Только одно «прекрасное, вполне эстетическое наслаждение» испытал Нестеров в Греции – перед Гермесом Праксителя, но и тот «не задел его за сердце». Тем слабее могли задеть его за сердце менее совершенные, менее прекрасные боги и полубоги Ватикана. Он о них и не упоминает в письмах из Рима, а в поздних воспоминаниях лишь подтверждает чувства, если не суждения, молодости:
«Повторяю, христианское искусство мне было понятней, родней. Чтобы его воспринять, мне не надо было делать никаких усилий. Искусство же дохристианское оставалось где-то по ту сторону моего сознания, чувства в особенности».
Но о каком «христианском искусстве», предпочтенном всему античному искусству Рима, здесь идет речь?
Это не первохристианское искусство катакомб. Нестеров посещал катакомбы, руководимый Н.А. Бруни, но ни в письмах в родную семью, ни в воспоминаниях, ни в изустных рассказах Нестерова нет ни слова о впечатлениях, вынесенных из катакомб в это первое итальянское путешествие.
О пышном искусстве торжествующего католицизма, о папском барокко Нестеров, наоборот, пишет.
В соборе св. Петра – этом правительствующем храме католичества – Нестерова, как раньше Гоголя, привлек только купол Микеланджело, величественный в своей простоте. Но внутри собор св. Петра, как вспоминал Нестеров, показался ему холодным: «Он не соответствовал моему представлению о христианском храме; он был слишком католическим, торжествующим, гордым для моего понимания той религии, которой он был посвящен. Это было небо, притянутое к земле, а не земля, вознесенная к небесам».
Какое же «христианское искусство» в конце концов Нестеров полюбил в Риме? Вот его ответ: «Время Возрождения и его живописные памятники искусства захватили меня всецело и без остатка».
Из статуй только одна покорила Нестерова раз и навсегда: «Моисей» Микеланджело. Нестеров любил возвращаться в старинную церковь Сан-Пьетро ин Винколи и там под величавые звуки органа созерцать образ древнего боговидца. «Сила духовная и физическая отражается определенно и ясно в Моисее… – писал Нестеров приятелю-художнику. – «Моисей» Микеланджело и его «Страшный суд» есть целый триумф возрождения итальянского искусства». В 1893 году Нестеров снова пишет из Рима: «Был я не раз (да и еще не раз буду) в Ватикане, в Сикстинской капелле, сидел там часами, созерцая образы, которыми некогда грезили Рафаэль, Микеланджело и др. Все это действительно велико и благородно, и не мне пытаться словом передать красоту виденного».

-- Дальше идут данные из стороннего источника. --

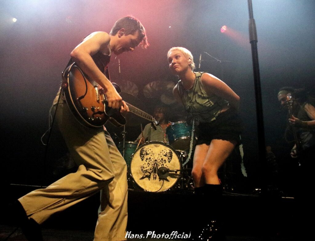 De ode aan Pamela Anderson in het overheerlijke Aerobics zette het Depot al snel aan het feestdansen. De choreo werd lustig nagespeeld in de zaal. Kaat is van de streek en al haar maten en fans waren op de afspraak wat resulteerde in een wedstrijd die ze nooit kon verliezen. Zo was er de ongetwijfeld ingestudeerde interactie met een vriendin die voor de gelegenheid een Hannah mocht zijn en zeker acteerambities mag koesteren. Aangezien Taal = God volgde meteen een bijzonder straffe Spinvis-cover Tingeltangel Hersenpan. Het was een constante lijn die de band de ganse show doortrok. De nummers werden met een felle rocksaus overgoten en we mijmerden een avond lang naar de glorietijd waarin Pearl Jam met een song als State Of Love And Trust en Radiohead met een epische gitaarsong als Blow Out kwamen aanzetten. Noem het gerust een Helmet-effect want het kwartet liet bijna alle nummers in de laatste minuut labelen met het etiket “punk op eigen risico”.
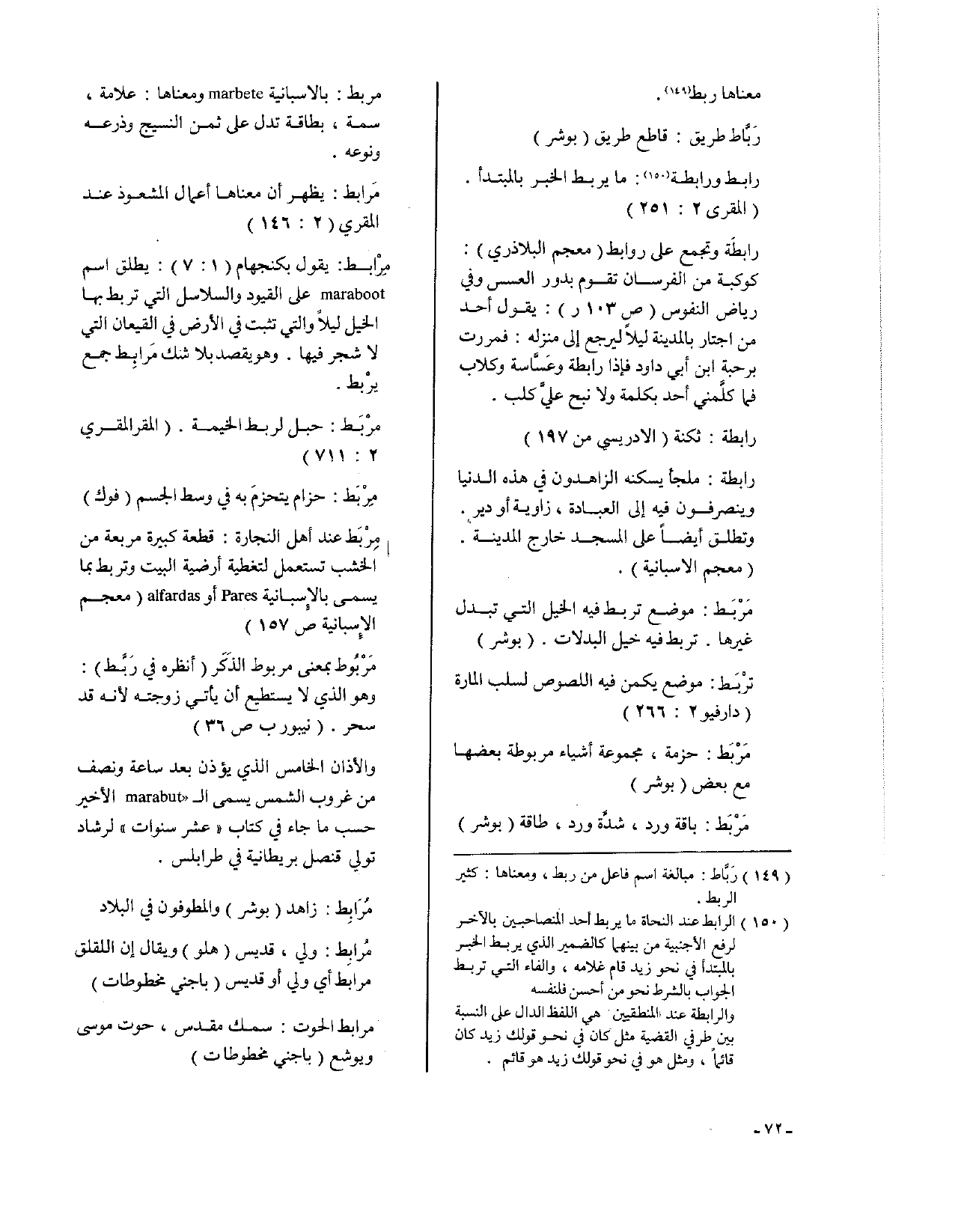 مِرْابط: يقول بكنجهام (1: 7): يطلق اسم maraboot على القيود والسلاسل التي تربط بها الخيل ليلاً والتي تثبت في الأرض في القيعان التي لا شجر فيها. وهو يقصد بلا شك مَرابِط جمع يرْبط.

И еще тогда же: «Был в Ватикане, вспомнил опять то, чем наслаждался 4 года тому назад, любовался на Рафаэля, на лучшие его работы, писанные им в самый расцвет, от 25–28 лет».
В их числе была «Мадонна ди Фолиньо». Ее застенчивая нежность, ее утренняя чистота запали в душу Нестерова: он их искал в своих «Мадоннах».
Но когда речь заходила о Рафаэле, он всегда возвращался к «Пожару в Борго». В этой фреске Нестеров видел высокий образец истинного реализма: изображая ужасный пожар 847 года в затибрской части Рима, художник передает весь драматизм, всю бедственность события, но мудро отстраняется от натуралистических подробностей и остается на прекрасной высоте созерцания.
Однако как ни высоко ставил Нестеров Микеланджело и Рафаэля, он в первую же поездку решительно высказал мнение: «По живописи лучшей вещью в Риме неизбежно надо признать «Иннокентия X» Веласкеса».
Нестеров полюбил Рим не в одном его искусстве, но и в жизненном дыхании Вечного города. Нестерова – как некогда Ал. Иванова и Гоголя – заинтересовала народная жизнь Рима.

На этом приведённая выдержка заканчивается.